§ **Your objective**
What are the lines below, starting at the line containing "Теннисный турнир Astana" and ending at the line containing "11月15日上午,装载3万余"? Write them out exactly, ends included, without pictures.

§ **Supplied records**
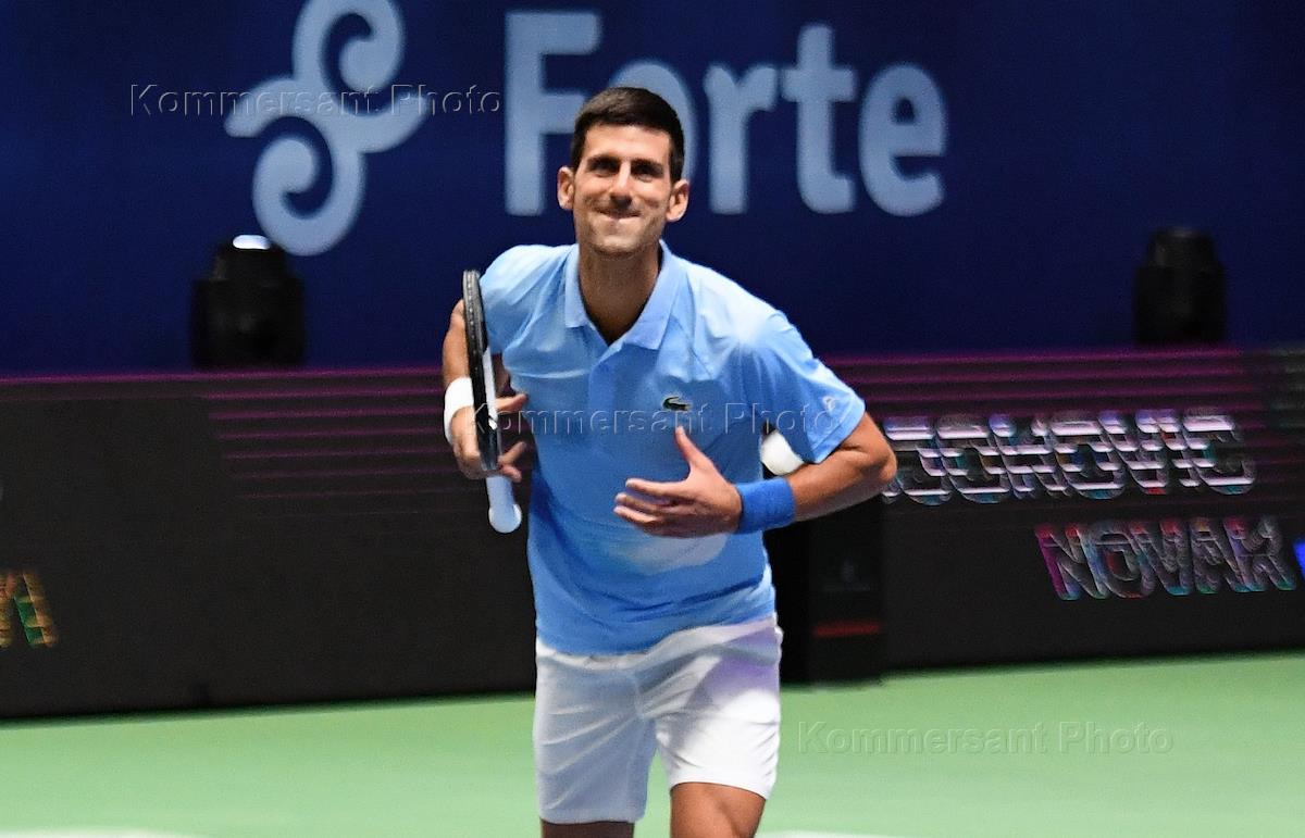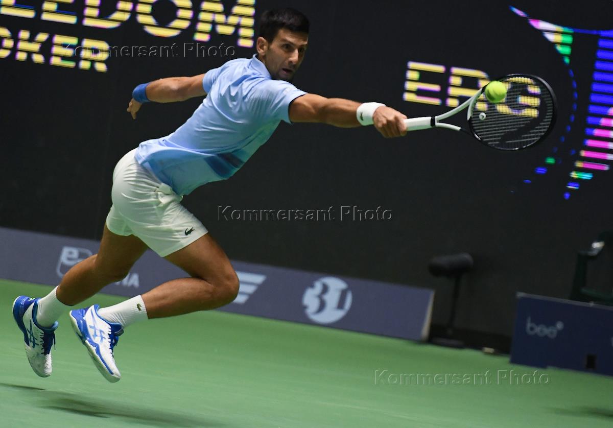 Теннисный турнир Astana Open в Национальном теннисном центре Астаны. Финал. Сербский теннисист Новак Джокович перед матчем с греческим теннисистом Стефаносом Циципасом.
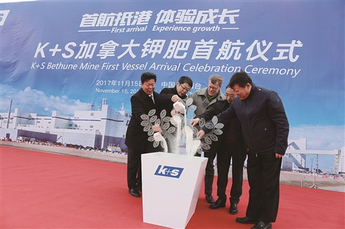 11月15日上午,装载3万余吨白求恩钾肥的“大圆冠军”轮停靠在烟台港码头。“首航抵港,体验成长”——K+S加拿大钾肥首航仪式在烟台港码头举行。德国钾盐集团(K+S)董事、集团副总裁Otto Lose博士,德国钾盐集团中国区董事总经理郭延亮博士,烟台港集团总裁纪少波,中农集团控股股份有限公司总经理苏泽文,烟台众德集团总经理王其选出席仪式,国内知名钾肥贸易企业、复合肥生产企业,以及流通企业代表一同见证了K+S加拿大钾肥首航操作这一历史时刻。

...

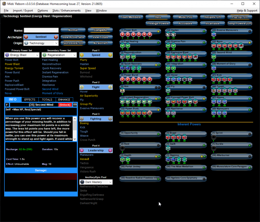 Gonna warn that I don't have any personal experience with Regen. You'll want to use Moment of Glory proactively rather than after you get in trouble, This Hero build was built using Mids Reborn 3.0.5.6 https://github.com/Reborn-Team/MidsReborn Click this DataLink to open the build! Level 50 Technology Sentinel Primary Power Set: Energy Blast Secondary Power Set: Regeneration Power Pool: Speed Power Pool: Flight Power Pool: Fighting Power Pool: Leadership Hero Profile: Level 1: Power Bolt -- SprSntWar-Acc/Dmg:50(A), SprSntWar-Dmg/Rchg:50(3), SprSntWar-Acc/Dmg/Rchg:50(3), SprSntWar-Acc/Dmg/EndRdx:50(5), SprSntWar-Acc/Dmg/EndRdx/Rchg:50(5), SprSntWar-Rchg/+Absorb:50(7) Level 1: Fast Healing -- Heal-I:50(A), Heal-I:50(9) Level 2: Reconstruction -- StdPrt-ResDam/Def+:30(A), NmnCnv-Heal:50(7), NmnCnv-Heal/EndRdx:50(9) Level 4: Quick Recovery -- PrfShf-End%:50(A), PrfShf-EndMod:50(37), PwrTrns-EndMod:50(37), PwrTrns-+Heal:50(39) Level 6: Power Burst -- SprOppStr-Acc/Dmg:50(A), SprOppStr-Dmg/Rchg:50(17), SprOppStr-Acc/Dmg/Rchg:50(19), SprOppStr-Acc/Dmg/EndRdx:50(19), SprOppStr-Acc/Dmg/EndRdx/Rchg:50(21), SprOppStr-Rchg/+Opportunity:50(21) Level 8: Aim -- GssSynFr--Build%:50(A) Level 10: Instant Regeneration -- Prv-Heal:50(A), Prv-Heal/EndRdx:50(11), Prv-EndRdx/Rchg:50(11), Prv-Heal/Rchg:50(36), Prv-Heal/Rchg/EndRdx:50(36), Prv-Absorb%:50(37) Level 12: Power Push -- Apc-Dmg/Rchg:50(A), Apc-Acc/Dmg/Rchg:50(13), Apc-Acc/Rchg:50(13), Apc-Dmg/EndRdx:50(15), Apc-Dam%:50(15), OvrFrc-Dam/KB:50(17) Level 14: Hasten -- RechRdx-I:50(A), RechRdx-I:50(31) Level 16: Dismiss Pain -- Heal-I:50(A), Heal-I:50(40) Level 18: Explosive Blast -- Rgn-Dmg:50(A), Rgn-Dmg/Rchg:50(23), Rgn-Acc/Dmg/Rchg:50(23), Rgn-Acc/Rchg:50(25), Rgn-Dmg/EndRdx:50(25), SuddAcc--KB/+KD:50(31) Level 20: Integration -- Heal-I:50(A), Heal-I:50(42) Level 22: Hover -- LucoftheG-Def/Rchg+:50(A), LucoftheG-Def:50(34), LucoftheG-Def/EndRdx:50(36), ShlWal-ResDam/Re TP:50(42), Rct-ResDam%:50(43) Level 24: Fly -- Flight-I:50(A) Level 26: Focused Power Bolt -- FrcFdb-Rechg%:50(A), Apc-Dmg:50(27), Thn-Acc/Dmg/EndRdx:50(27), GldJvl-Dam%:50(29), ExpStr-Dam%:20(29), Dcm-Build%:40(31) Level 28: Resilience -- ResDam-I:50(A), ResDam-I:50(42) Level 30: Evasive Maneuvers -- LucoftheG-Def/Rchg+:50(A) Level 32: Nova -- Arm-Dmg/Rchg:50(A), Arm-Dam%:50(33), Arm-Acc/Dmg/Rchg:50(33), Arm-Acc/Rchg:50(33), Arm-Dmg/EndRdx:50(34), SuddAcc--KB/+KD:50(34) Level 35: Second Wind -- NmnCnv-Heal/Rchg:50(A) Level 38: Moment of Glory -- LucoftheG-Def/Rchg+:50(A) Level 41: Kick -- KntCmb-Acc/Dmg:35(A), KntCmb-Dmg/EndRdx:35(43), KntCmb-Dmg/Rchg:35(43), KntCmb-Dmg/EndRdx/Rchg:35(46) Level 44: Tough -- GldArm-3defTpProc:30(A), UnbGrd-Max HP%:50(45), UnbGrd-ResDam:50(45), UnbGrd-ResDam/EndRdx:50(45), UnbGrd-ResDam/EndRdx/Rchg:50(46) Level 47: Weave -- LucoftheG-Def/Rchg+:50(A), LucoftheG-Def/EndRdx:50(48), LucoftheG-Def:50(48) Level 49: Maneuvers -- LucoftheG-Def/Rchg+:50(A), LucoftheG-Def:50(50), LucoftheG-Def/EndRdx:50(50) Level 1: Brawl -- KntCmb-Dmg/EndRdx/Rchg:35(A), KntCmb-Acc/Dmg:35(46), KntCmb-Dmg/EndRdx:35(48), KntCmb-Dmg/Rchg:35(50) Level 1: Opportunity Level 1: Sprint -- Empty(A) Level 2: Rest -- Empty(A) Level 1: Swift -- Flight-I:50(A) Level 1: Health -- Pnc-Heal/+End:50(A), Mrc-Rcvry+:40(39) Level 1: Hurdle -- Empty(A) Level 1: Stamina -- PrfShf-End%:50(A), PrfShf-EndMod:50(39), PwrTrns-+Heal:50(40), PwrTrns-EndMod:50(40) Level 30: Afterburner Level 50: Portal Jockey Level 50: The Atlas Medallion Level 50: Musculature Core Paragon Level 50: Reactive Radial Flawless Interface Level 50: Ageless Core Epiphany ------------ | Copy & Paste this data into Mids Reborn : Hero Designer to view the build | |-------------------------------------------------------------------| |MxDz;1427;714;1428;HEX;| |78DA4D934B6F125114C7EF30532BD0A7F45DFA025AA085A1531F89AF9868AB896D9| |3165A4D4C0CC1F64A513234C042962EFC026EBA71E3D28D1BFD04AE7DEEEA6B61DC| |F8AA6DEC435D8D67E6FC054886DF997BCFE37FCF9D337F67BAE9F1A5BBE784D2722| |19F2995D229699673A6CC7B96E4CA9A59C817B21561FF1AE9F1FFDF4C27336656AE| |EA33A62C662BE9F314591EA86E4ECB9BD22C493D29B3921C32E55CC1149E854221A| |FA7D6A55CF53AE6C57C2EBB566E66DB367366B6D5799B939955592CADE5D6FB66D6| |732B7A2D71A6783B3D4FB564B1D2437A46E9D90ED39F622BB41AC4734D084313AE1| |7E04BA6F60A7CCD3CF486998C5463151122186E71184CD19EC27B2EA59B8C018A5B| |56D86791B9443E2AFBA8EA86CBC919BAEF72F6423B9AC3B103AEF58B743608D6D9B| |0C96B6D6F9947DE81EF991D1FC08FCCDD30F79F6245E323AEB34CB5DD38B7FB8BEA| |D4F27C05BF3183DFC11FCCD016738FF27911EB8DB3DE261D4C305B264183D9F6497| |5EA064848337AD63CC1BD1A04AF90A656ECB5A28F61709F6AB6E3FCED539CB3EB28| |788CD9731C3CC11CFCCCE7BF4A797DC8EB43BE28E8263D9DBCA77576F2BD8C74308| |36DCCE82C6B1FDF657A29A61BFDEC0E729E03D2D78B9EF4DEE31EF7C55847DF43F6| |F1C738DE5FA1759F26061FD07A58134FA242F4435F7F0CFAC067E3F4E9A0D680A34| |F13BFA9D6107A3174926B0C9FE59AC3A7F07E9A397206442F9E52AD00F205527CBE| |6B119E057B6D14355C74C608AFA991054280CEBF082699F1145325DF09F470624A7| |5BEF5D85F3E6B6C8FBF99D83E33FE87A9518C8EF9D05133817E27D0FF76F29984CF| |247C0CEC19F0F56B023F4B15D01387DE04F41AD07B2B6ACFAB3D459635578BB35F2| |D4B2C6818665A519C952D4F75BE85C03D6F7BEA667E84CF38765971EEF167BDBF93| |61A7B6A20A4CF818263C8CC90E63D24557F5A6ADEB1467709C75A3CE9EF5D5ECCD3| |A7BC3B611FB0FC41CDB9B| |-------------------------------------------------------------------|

§ **Exercise response**
 Теннисный турнир Astana Open в Национальном теннисном центре Астаны. Финал. Сербский теннисист Новак Джокович перед матчем с греческим теннисистом Стефаносом Циципасом.
 11月15日上午,装载3万余吨白求恩钾肥的“大圆冠军”轮停靠在烟台港码头。“首航抵港,体验成长”——K+S加拿大钾肥首航仪式在烟台港码头举行。德国钾盐集团(K+S)董事、集团副总裁Otto Lose博士,德国钾盐集团中国区董事总经理郭延亮博士,烟台港集团总裁纪少波,中农集团控股股份有限公司总经理苏泽文,烟台众德集团总经理王其选出席仪式,国内知名钾肥贸易企业、复合肥生产企业,以及流通企业代表一同见证了K+S加拿大钾肥首航操作这一历史时刻。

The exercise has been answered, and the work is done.